The Influences of Air Pollutants on our Natural Environment
Airborne chemicals cause eight different kinds of detrimental or beneficial effects on our society:
—direct effects on human health;
—indirect effects on human health;
—damage to materials;
—increased haze in the atmosphere;
—acidification of lakes, streams, ground waters, and soils;
—fumigation of crops and forests near point sources;
—regional changes in health and productivity of forests; and
—fertilization of crops, forests, and surface waters.
All except the last of these eight effects are detrimental to the interests of society. In fact, even the last has proven to be detrimental in the case of some surface water systems such as Lake Erie and Lake Ontario.

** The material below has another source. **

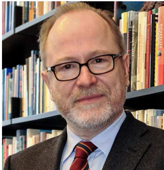
(Jan Philipp Reemtsma 13 , *1952)

Please note especially that:
Sulfur dioxide (SO2) emissions are involved in all eight effects;
Nitrogen oxides (NO and NO2) or their photochemical derivatives are involved in seven of the eight effects;
Volatile organic compounds (VOC) or their photochemical derivatives such as ozone (O3) are involved in five of the eight effects;
All three of these primary pollutants (SO2, NOX, and VOC) are produced during combustion of fossil fuels in power plants, metal smelters, transportation vehicles, and other industrial, commercial, and domestic uses of energy; and
SO2, NOX, and VOC are also the most important chemical precursors of photochemical oxidants, acid deposition, atmospheric haze, and certain types of particulate matter which have a wide range of detrimental effects on our society. For this reason, these three primary pollutants are major keys to the proper management of air quality in most industrial regions of the world.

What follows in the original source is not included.